Троубридж вызвал командира корабля и приказал послать на берег двух офицеров, немедленно собрать всю команду. На остальные корабли так же вернуть всех матросов с берега. Необходимо на всякий случай проверить кабаки и притоны. Завтра здесь могут оказаться русские, они не должны встретить на берегу ни одного английского матроса и солдата. Самое главное — изготовить корабли к походу. Как только прибудут русские, сразу же в тот же день уйти в Чивита-Век-кию. План Нельсона был прост, но коварен.
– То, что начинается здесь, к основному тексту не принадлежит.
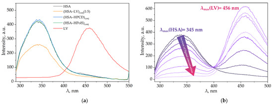 3.3.1. Impact of HPCD, HPolS, and Conjugate Formation on the Fluorescence Spectra of HSA and LV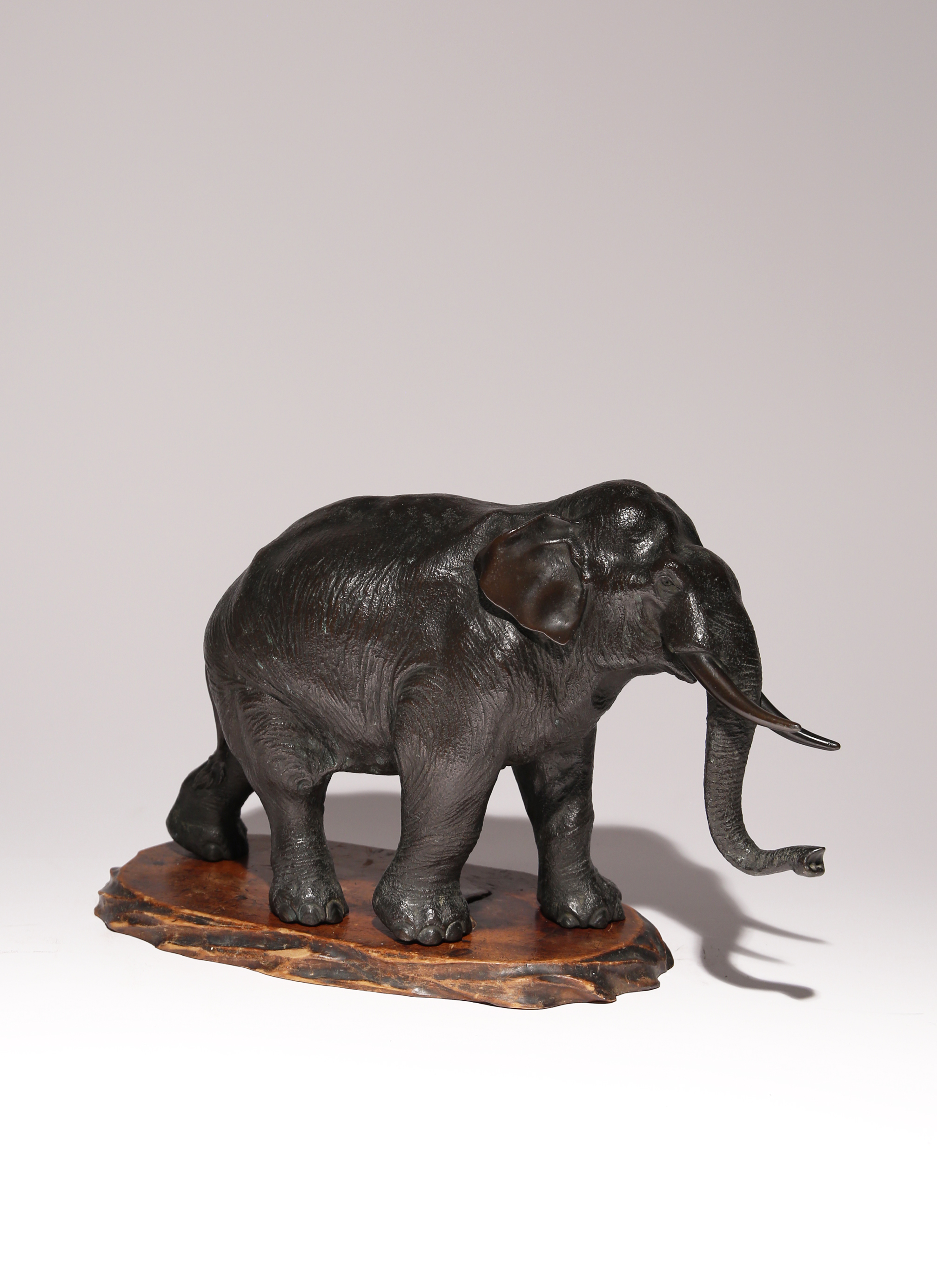 A JAPANESE BRONZE OKIMONO OF AN ELEPHANT

Рим обороняли 2500 отборных французских солдат и офицеров во главе с генералом Гарнье. Они надежно обороняли город, неаполитанцы и австрийцы бежали, разбитые в пух и прах. Но Гарнье знал, что Суворов наголову разгромил на севере генерала Макдональда, а совсем недавно — храброго Жубера. А Бриндизи, Манфредония, Неаполь взяты штурмом десантом адмирала Ушакова, Анкона и Генуя блокированы русскими кораблями. Последними обстоятельствами и воспользовался Нельсон.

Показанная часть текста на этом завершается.